The overall rate of stoma formation was 34.2% (708/2073), which was more frequent than the rate of 27.2% in the prepandemic era (1573/5792). The change in practice of patients having a COVID‐stoma was small: 4.3% (90/2073) of all patients (Table 2). Of patients with a new COVID‐stoma, 70% (63/90) had an end stoma, far greater than the prepandemic rate for end stoma formation of 43.6% (686/1573) (Table 5). Colorectal trainees were more likely to be the named lead surgeon when defunctioning COVID‐stomas were formed (8.3%, 11/133) when compared with colorectal consultants (0.9%, 13/1521) and general surgical consultants (0.6%, 2/322) Table 2. This contrasts with the prepandemic era when a colorectal trainee was the named lead surgeon in 4.4% (97/2218) of procedures where a stoma was formed. More COVID‐end‐stomas were formed in patients undergoing rectal resections, in those who had an open approach to surgery and in those who received either no neoadjuvant therapy or long‐course neoadjuvant radiotherapy (Table 2). This is also reflected in an increase in the number of end stoma formations in rectal resections during the pandemic era (27.3%, 255/935) when compared with the prepandemic era (23.7%, 613/2579) and a decrease of formation of anastomosis without a defunctioning stoma during the pandemic (37.4%, 350/935) compared with prepandemic levels (42.8%, 1103/2579). The proportion of COVID‐stomas compared with all stomas is shown in Table S3.

TABLE 2

Additional number of stomas formed due to COVID‐19 in relation to all patients undergoing surgery

	COVID‐defunctioning‐stoma/all operations		COVID‐end‐stoma/all operations
	n	%	n	%
Overall
New COVID‐stomas	27/2073	1.3%	63/2073	3.0%
Sex
Female	11/837	1.3%	24/837	3.1%
Male	16/1236	1.3%	39/1236	3.2%
ASA grade
1–2	23/1420	1.6%	36/1420	2.5%
3–5	4/647	0.6%	26/647	4.0%
Age (years)
<50	3/174	1.7%	2/174	1.1%
50–69	15/966	1.6%	31/966	3.2%
≥70	9/933	1.0%	30/933	3.2%
Operation
Right resection	1/724	0.1%	10/724	1.4%
Left resection	2/367	0.5%	7/367	1.9%
Rectal resection	24/935	2.5%	45/935	4.8%
Total/subtotal/panproctocolectomy	0/47	0	1/47	2.1%
Disease stage
I–II	11/838	1.3%	31/838	3.4%
III	13/653	2.0%	30/653	4.6%
IV	3/133	2.3%	2/133	1.5%
Neoadjuvant radiotherapya
Short course	3/89	3.4%	1/89	1.1%
Long course	5/206	2.4%	9/206	4.4%
None	16/674	2.4%	35/674	5.2%
Approach
Minimally invasive	11/1185	0.9%	18/1185	1.5%
Open	15/786	1.9%	42/786	5.3%
Minimally invasive converted to open	1/102	0.9%	3/102	2.9%
Anastomotic techniqueb
Stapled	25/1474	1.7%	N/A	N/A
Hand sewn	2/248	0.8%	N/A	N/A
Seniority
Colorectal consultant	13/1521	0.9%	45/1521	3.0%
Colorectal trainee	11/133	8.3%	3/133	2.3%
General surgery consultant	2/322	0.6%	11/322	3.4%
General surgery trainee	1/84	1.2%	5/84	6.0%

Percentage (%) is the increased number of new stomas (COVID‐stoma) formed during the COVID‐19 pandemic out of the total number of patients who had an operation in each group.

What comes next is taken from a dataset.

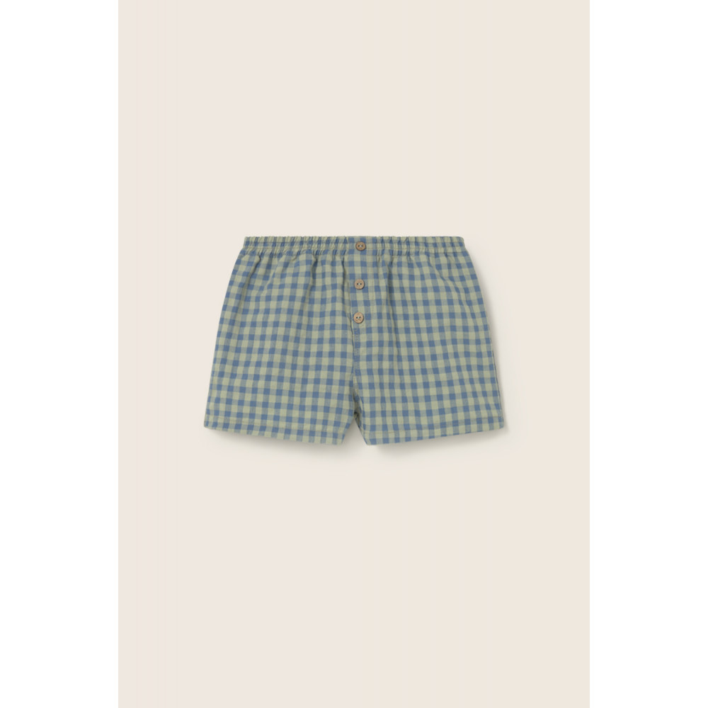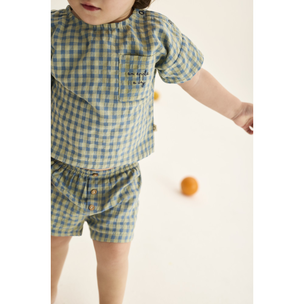 М'які бавовняні шорти зі свіжим та яскравим візерунком у клітинку. Еластичний пояс. Імітація ширинки з декоративними ґудзиками. Накладна кишеня ззаду з вишитим написом «яблуко на день».

Of patients who had an operation involving the rectum.

Of patients who had an anastomosis.

Of all rectal resections, 7.4% (69/935) received a COVID‐stoma (Figure 1), representing 76.7% of all COVID‐stomas (n = 90). In right colonic resections, 11 COVID‐stomas were formed (1.5% of 724 right resections), nine were formed in left colonic resections (2.5% of 367 left resections) and one COVID‐stoma was formed from the total/subtotal/panproctocolectomy group (2.1% of 47; Table 2).

FIGURE 1

Flowchart of the type of stoma‐anastomosis configuration broken down by operative region and if patients had a change in stoma practice due to COVID‐19 (COVID‐stoma)

There were slight but nonsignificant differences in patients who had a COVID‐stoma compared with those who did not (Table 3), including a slight increase in anastomotic leak (7.4% versus 4.9%) and intensive care usage (29.9% versus 22.5%) and slight decrease in mortality (1.1% versus 1.9%). There was shorter length of stay in the group with a COVID‐stoma (4.5 days versus 6.0 days). Similarly, no difference in outcomes was observed in patients undergoing COVID‐stoma when stratified by cancer location (Table S4).

TABLE 3

Outcomes stratified by additional stoma formation due to COVID‐19 (COVID‐stoma)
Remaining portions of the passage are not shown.